6.5 Information regarding the Company and the Rights Issue
Continuous reporting and disclosure obligations
The Company is a "disclosing entity" (as defined in the Corporations Act) and as such is subject to regular reporting and disclosure obligations under the Corporations Act and the Listing Rules. These obligations require the Company to notify ASX of information about specific events and matters as they arise for the purpose of ASX making the information available to the stock market conducted by ASX. In particular, the Company has an obligation under the Listing Rules (subject to certain limited exceptions), to notify ASX once it is, or becomes aware of information concerning the Company which a reasonable person would expect to have a material effect on the price or value of the Company's Shares. ASX maintains records of company announcements for all companies listed on ASX. The announcements of the Company are available for inspection at ASX and may be viewed on the ASX website at www.asx.com.au.
The Company is also required to prepare and lodge with ASIC yearly and half-yearly financial statements accompanied by a Directors' statement and report, and an audit review or report. Copies of documents lodged with ASIC in relation to the Company may be obtained from, or inspected at, an office of ASIC. The Company has recently lodged its 2013 Annual Report. A copy of the Annual Report can be obtained from the Company’s website at www.prymeenergy.com.
12
Rights Issue Offer Document and disclosure obligations
This Offer Document is issued pursuant to section 708AA of the Corporations Act and utilises ASIC Class Order CO 08/35 as an offer document for the offer of securities for issue, under a rights issue, without disclosure to investors under Part 6D.2 of the Corporations Act. Pursuant to the conditions imposed on the Company by section 708AA of the Corporations Act for the making of a rights issue without disclosure to investors, the Company provided ASX with a notice that complied with the requirements of section 708AA(7) on 14 March 2014. In addition to certain minor and technical matters,that notice was required to:
-
(a) set out any information that had been excluded from a continuous disclosure notice in accordance with the Listing Rules and that investors and their professional advisers would reasonably require, and would reasonably expect to find in a disclosure document, for the purpose of making an informed assessment of:
-
(i) the assets and liabilities, financial position and performance, profits and losses and prospects of the Company; or
-
(ii) the rights and liabilities attaching to the New Shares; and
-
(b) state the potential effect of the issue of the New Shares on control of the Company and the consequences of that effect.
6.6 Taxation
You should be aware that there may be taxation implications associated with participating in the Offer and receiving New Shares and Top Up Shares. The Directors consider that it is not appropriate to give advice regarding the taxation consequences of subscribing for New Shares under this Offer Document or the subsequent disposal of any New Shares allotted and issued under this Offer Document. The Company, its advisers and officers do not accept any responsibility or liability for any taxation consequences to potential Applicants. The Directors recommend that all Eligible Shareholders consult their own professional tax advisers in connection with subscribing for, and subsequent disposal of, New Shares allotted and issued under this Offer Document.

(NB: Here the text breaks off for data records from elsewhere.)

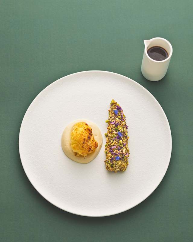 - Cabillaud - polenta à l'ail rose, epinard en jeune pousse et crème de haddock ou volaille fermière - asperge verte rôtie, espuma d'olive taggiashe et jus corsé à la sauge
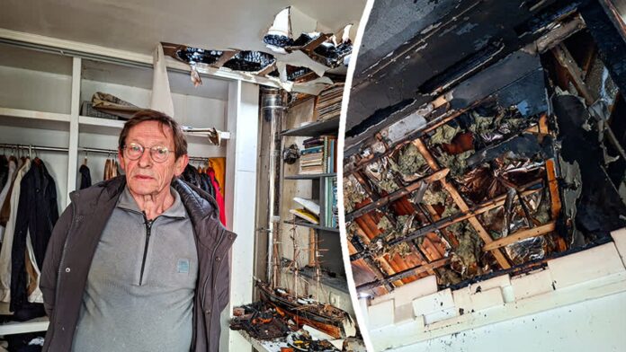 Zijn vloerkleden in de woonkamer kun je uitknijpen, want de waterschade in zijn huis is flink. In de keuken staat nog een pan spruitjes en een bakplaat met aardappelpartjes. ‘Ik was met het avondeten bezig toen er werd gebeld. Ik deed open en een voorbijganger zei dat mijn dak in brand stond. Ik had het zelf niet in de gaten’.
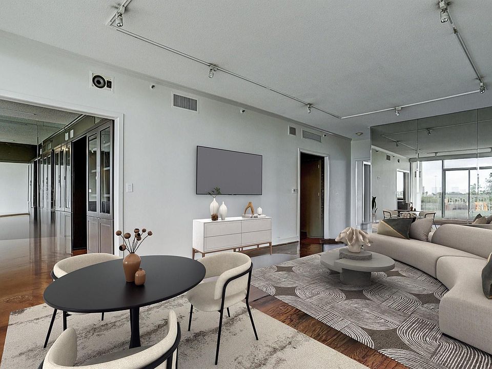 Open floor planTwo balconiesMotorized solar shadesGorgeous wood floorsCustom built-insTree-top viewsLarge walk-in closet

7. ASX quotation and allotment of New Shares
7.1 ASX quotation
The Company has made an application to ASX for the New Shares to be granted quotation on ASX. If permission is not granted for quotation of the New Shares on ASX, then no allotment and issue of any New Shares will take place and Application Monies (without interest) will be returned in full to Applicants.
7.2 Allotment and Despatch of Shareholding Statements
Subject to the New Shares being granted quotation on ASX, the New Shares will be allotted and issued and holding statements despatched in accordance with the Timetable. It is expected that allotment and issue of New Shares will take place on or about 16 April 2014. It is expected that holding statements for the New Shares will be mailed on 22 April 2014.

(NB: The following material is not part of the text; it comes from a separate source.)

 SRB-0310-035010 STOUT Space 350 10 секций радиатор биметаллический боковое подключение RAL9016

Application Monies will be held in trust in a subscription account until allotment and issue of the New Shares. This account will be established and kept by the Company on behalf of each Eligible Shareholder who submits an Entitlement and Acceptance Form or arranges for payment by BPAY. The Company will be entitled to retain any interest paid on the monies so held, even if the Rights Issue does not proceed.

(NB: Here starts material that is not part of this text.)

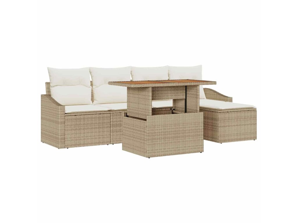 - Součásti: Sada se skládá ze dvou arm sof, dvou středových sedadel, podnožky se skladovacími schopnostmi a odpovídajícího zahradního stolu. Každý kus je dokončen poly ratanem a doplněn povrchy z akáciového dřeva.

It is the responsibility of Applicants to determine the number of New Shares allotted and issued to them prior to trading in the New Shares. The sale by an Applicant of New Shares prior to receiving their holding statement is at the Applicant's own risk.
13
7.3 CHESS
The Company participates in the Clearing House Electronic Subregister System (" CHESS "), operated by ASX Settlement Pty Limited (“ ASX Settlement ”), a wholly-owned subsidiary of ASX, in accordance with the Listing Rules and the ASX Settlement Operating Rules.
Under CHESS, the Company does not issue certificates to Shareholders but will instead provide Shareholders with a statement of their holdings in the Company. If you are brokersponsored, ASTC will send you a CHESS statement. The CHESS statement will set out the number of New Shares issued to you under the Offer Document and give details of your holder identification number, in the case of a holding on the CHESS sub-register and the terms and conditions applicable to the New Shares.
If you are registered in the Issuer Sponsored subregister your statement will be despatched by the Share Registry and will contain the number of New Shares issued under the Offer Document and your security holder reference number.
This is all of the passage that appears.